= Kabir Pun =

Havildar Kabir Pun magar, IOM, was a Nepalese soldier in the British Indian Army who received the Indian Order of Merit (1st class) for his gallantry at Gyantse, during the Younghusband Expedition to Tibet (1903-4). Until 1911, the 1st class of the Indian Order of Merit (IOM), which had three classes, was the highest award available to native members of the British Indian Army. Pun was thus awarded the IOM (1st class) since he could not be awarded the Victoria Cross (VC), being a native personnel.

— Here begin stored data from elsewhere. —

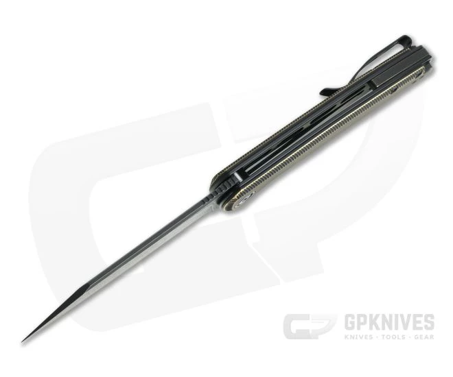 Handle: Skeletonized black stainless steel liners support black hand rubbed brass handle scales delivering a hefty and visually striking handle. Ergonomic and neutral for versatility, the handles have textured chamfers for traction and comfort. One liner makes a simple, effective, and reliable locking mechanism with scallops for positive disengagement.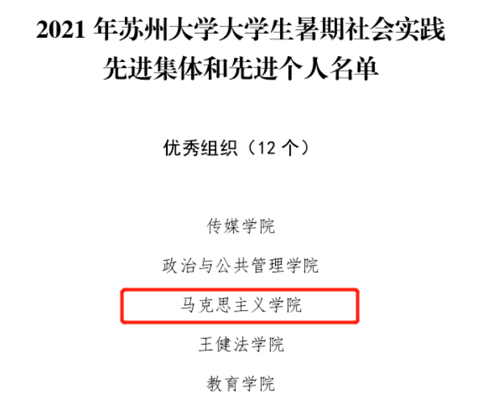 苏州大学马克思主义学院在2021年度暑期社会实践活动中喜获佳绩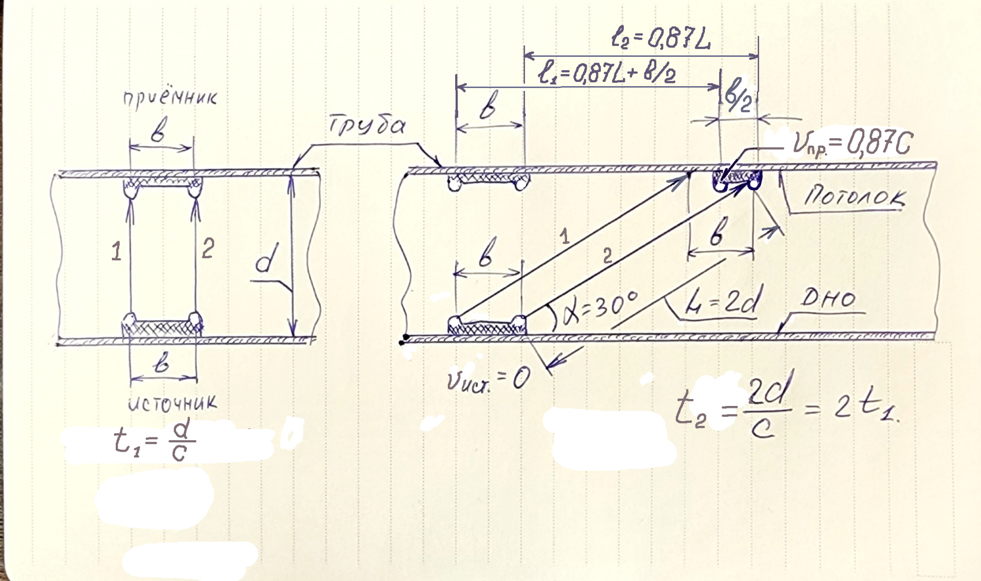 Ну, и наконец, самый сложный пример - уже с сокращением размеров (барабанная дробь). Пусть будет горизонтально расположенная труба, на дне которой есть два неподвижных синхронных источника лазерных световых импульсов, расположенных на некотором расстоянии друг от друга. На потолке два фотоприёмника, расположенных так же на таком же расстоянии друг от друга, и могущих синхронно перемещаться по потолку.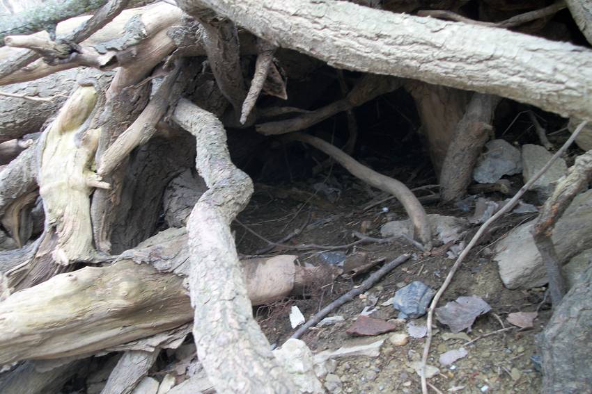 I had already seen one ground hog and one rat on this trip as well as a rabbit that bolted from in front of me and startled me as much as I startled it. The thought of crawling up to see what was in there wasn't going to happen.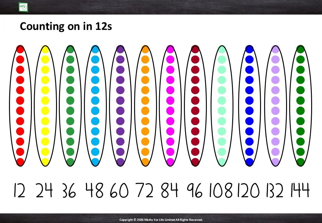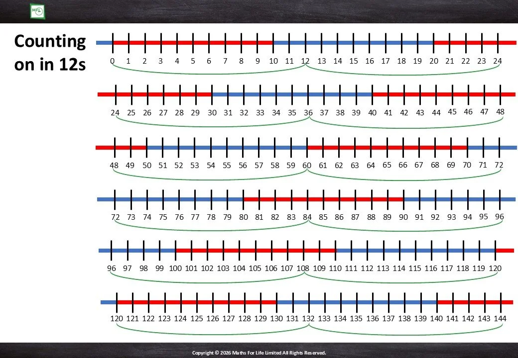 Groups of 12 and number line to 12x12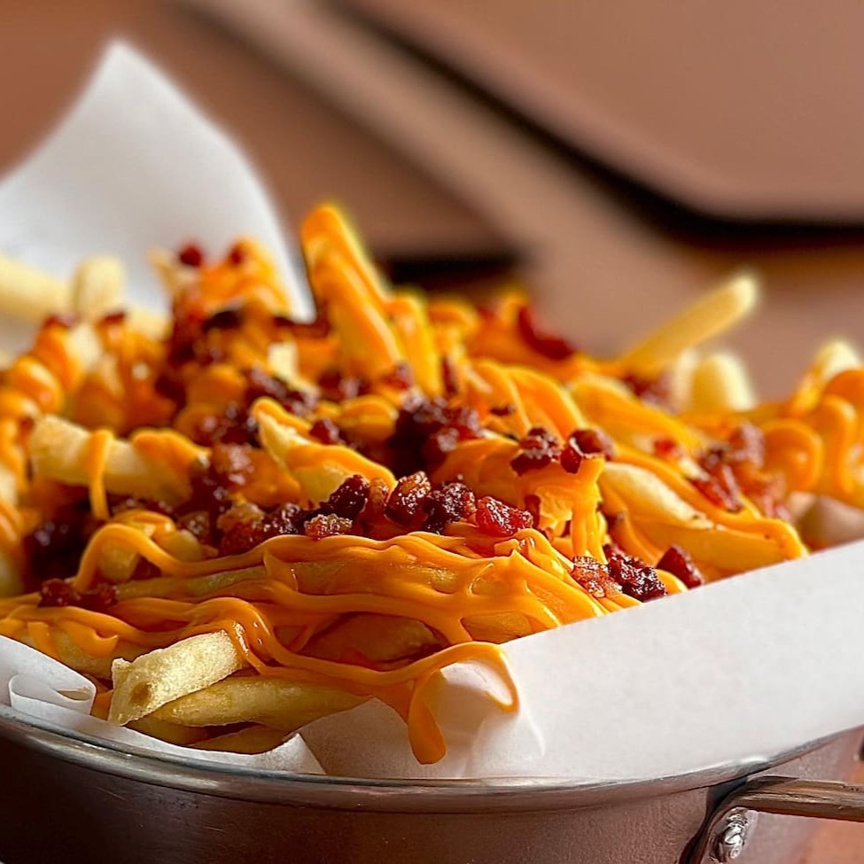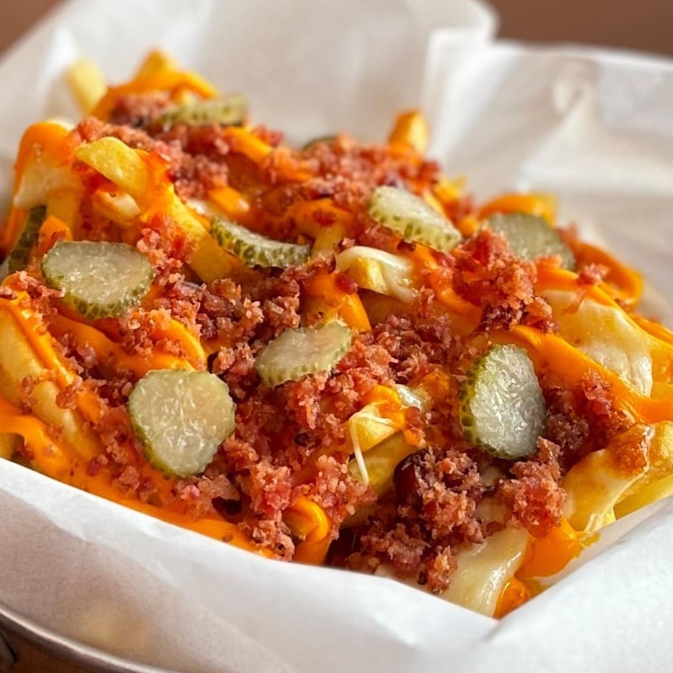 Porção generosa de batatas crocantes cobertas com uma camada cremosa de mussarela derretida, molho cheddar quente, cubinhos crocantes de bacon e um toque especial de picles.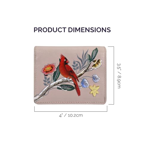 Care instructions: Keep away from direct sunlight. Avoid contact with water and other liquids. Condition with leather conditioner periodically.HAND-PAINTED LEATHER WALLETS FOR WOMEN - A handcrafted original art piece that is actually hand-painted onto gentle leather (not printed) to ensure each piece is pristine to bring a luxury feel organizer with flair and style you can flauntCARDINAL FAMILY ARTWORK - Each wallet is hand-painted to create a piece of art inspired by nature and vintage themes. As a family of magnificent cardinals perches on a sturdy branch, their vibrant plumage a striking testament to their majestyHANDCRAFTED FROM LEATHER - Our products are made in India from 100% genuine cowhide full-grain leather, which boasts a soft and luxurious feel. Each piece is cut by hand and handpainted, providing a personal touch and quality that will last a lifetimeFUNCTIONAL DESIGN - Designed for both beauty and form, each wallet features a snap button entry, a single billfold, a credit card holder, a business card holder, an ID Window, a receipt pocket, and a rear slip pocketDIMENSIONS - Width: 4 / 10.2cm, Height: 3.5 / 8.9cm Perfect for everyday use. supreme materials and excellent craftsmanship ensure long-lasting durability.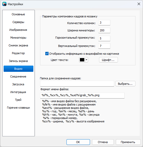 - функция позволяет автоматически извлечь заданное количество кадров из видеофайлов большинства современных форматов. Вы можете указать, сколько скриншотов нужно сделать, и программа равномерно распределит их по всей длительности ролика. Полученные кадры можно загрузить на хостинг по отдельности или скомпоновать в одну общую картинку-мозаику. Такой подход идеален для создания наглядных галерей для торрент-трекеров, видеообзоров или новостных сайтов. Программа может использовать как системные кодеки, так и встроенные, что обеспечивает совместимость с любыми видеофайлами.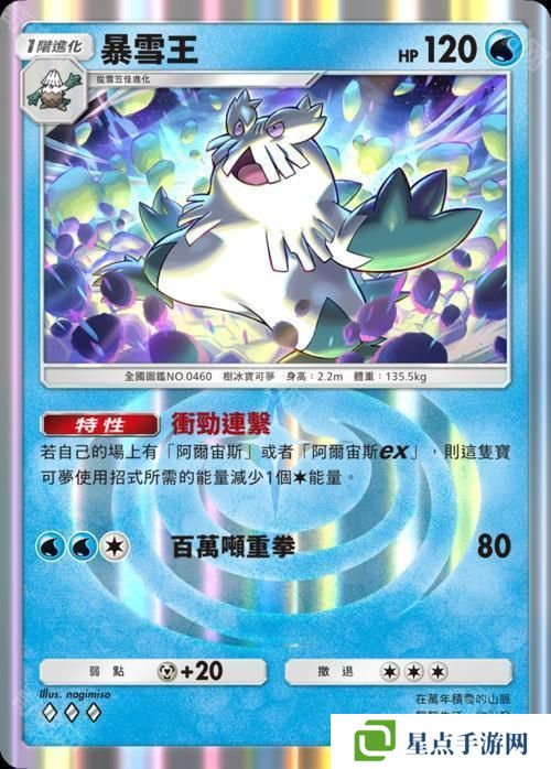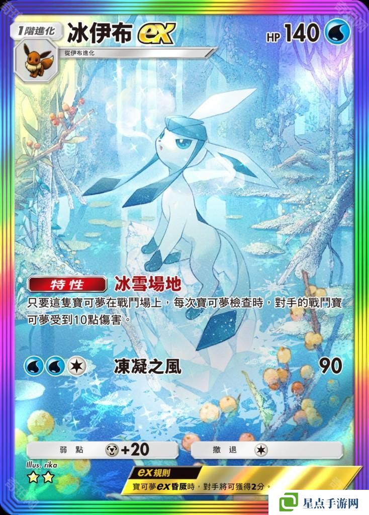 卡牌中描绘了冰伊布伫立在有如幻想世界般的冰雪景色中,十分美丽。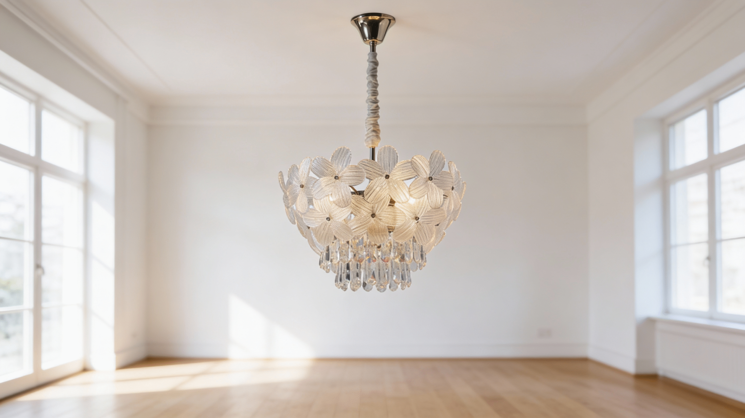 “أضف لمسة من الفخامة  إلى منزلك مع هذه الثريا الكريستالية الساحرة بقياس 50 سم. تصميم فريد يجمع بين أناقة الكريستال المتلألئ وجمالية الزهور المتفتحة، لتنشر إضاءة دافئة وساحرة تضيء مساحتك ببريق لا مثيل له. قطعة فنية راقية تليق بمدخلك أو صالونك، لتخلق أجواءً من الأناقة الخالدة.”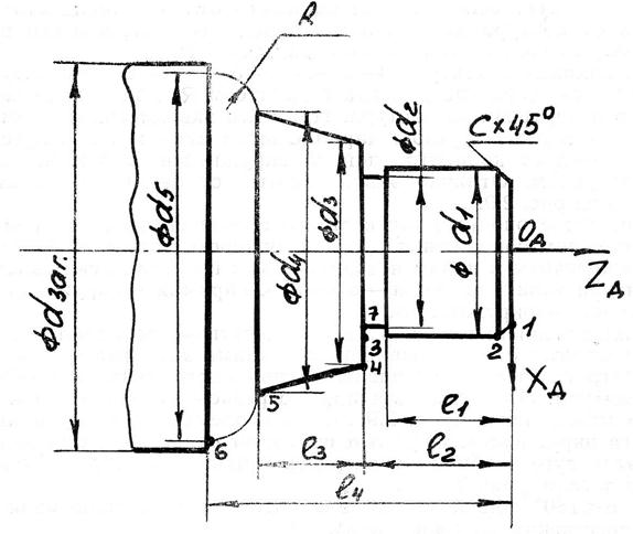 Примечание: в данном примере координатные оси X, Z применяют для задания абсолютных размеров, а U, W – для задания относительных размеров.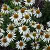 Echinacea purpurea 'White Swan'- Clean white flower with downward-facing petals and a large coppery cone
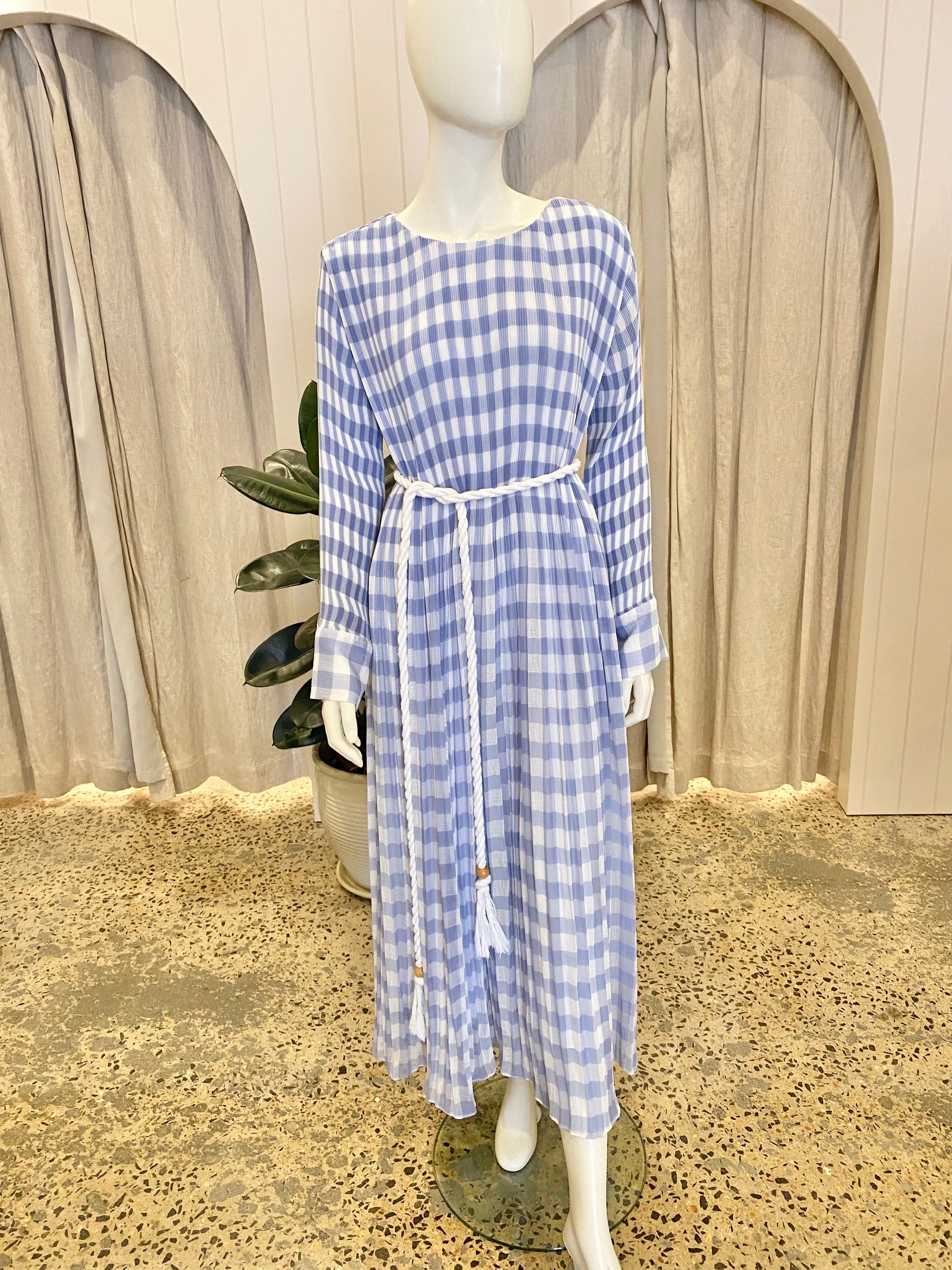 Description : French blue and white gingham maxi dress featuring a pleated skirt and bodice, long sleeves and buttoned cuffs.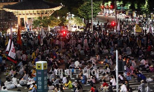 22일 새벽 서울 광화문 네거리에서 열린 미국산쇠고기 수입반대 촛불집회에 참가한 시위대가 잠시 휴식을 취하고 있다. 독자들의 PICK! "친손녀 팔이 그만" 홍서범에 분노한 전 며느리…"'외도 아들' 감싸기" 월 700만원 벌어도..."생활비 30만원, 한국인 남편 짠돌이" 8살 차이 장모·사위, 금단의 관계로...회복 불가 외도 사례 "며느리 불륜" 공방에...신혼집에 몰카 설치한 류중일 전 사돈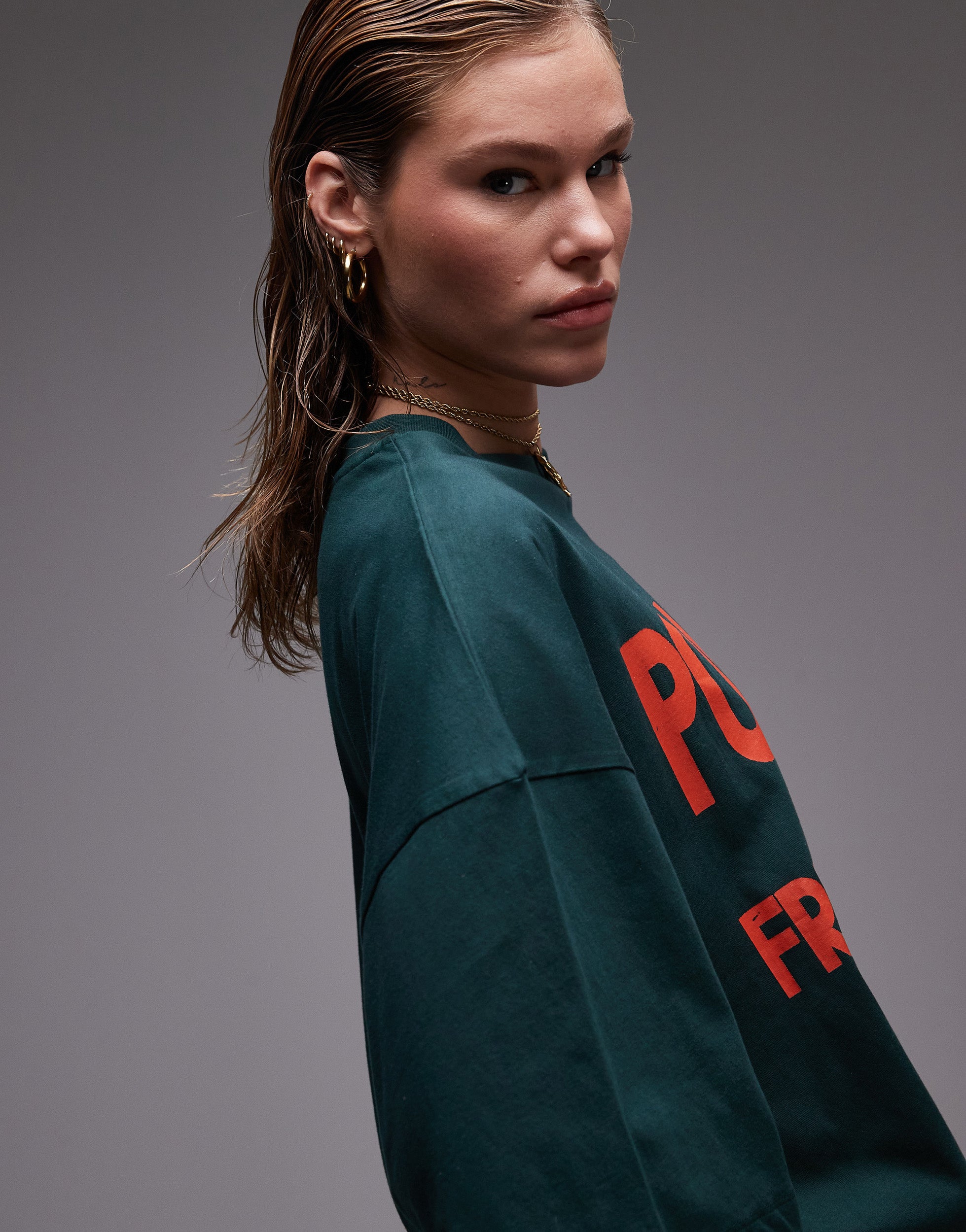 Topshop graphic Pomodori oversized tee in green - DGREEN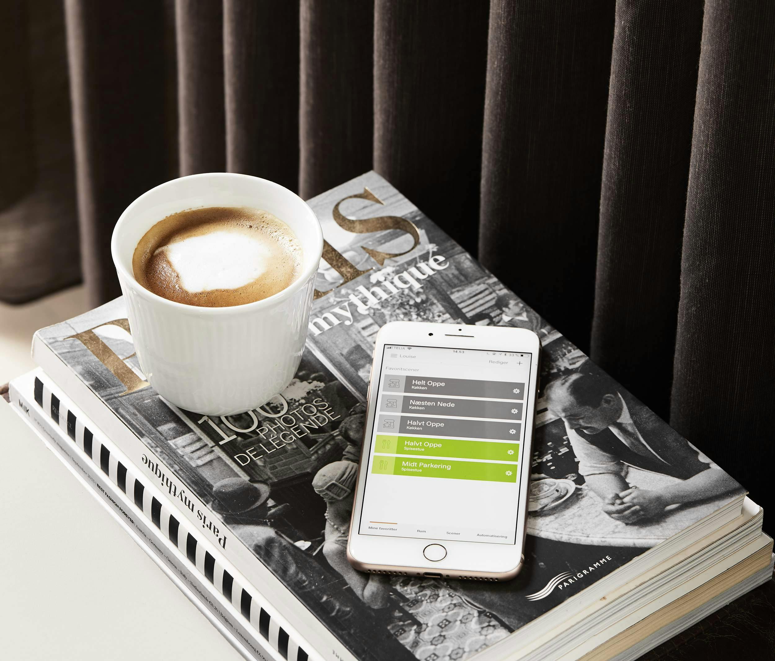 Derfor er familien begejstret for PowerView® fra Luxaflex®. Det giver dem mulighed for at styre gardinerne med deres smartphone, tablet eller Pebble® fjernbetjening. I PowerView® app’en kan de skabe forskellige scener for gardinerne, som passer til deres døgnrytme.

Pun served in the 8th Gurkha Rifles, in a company commanded by Lieutenant John Duncan Grant during the Younghusband Expedition. On July 5, 1904, Grant and Pun led a company of 8th Gurkhas in an attack on the Gyantse fort, and were backed by a company of the Royal Fusiliers. Despite being wounded from attacks by the Tibetans, Pun succeeded in opening an entrance into the Gyantse fortress alongside Lieutenant Grant, who was also wounded and received a VC for his actions in the same event.

Pun and Grant's actions are described in Grant's VC citation. Their action features in a painting published in the book Fortress Monasteries of the Himalayas: Tibet, Ladakh, Nepal and Bhutan.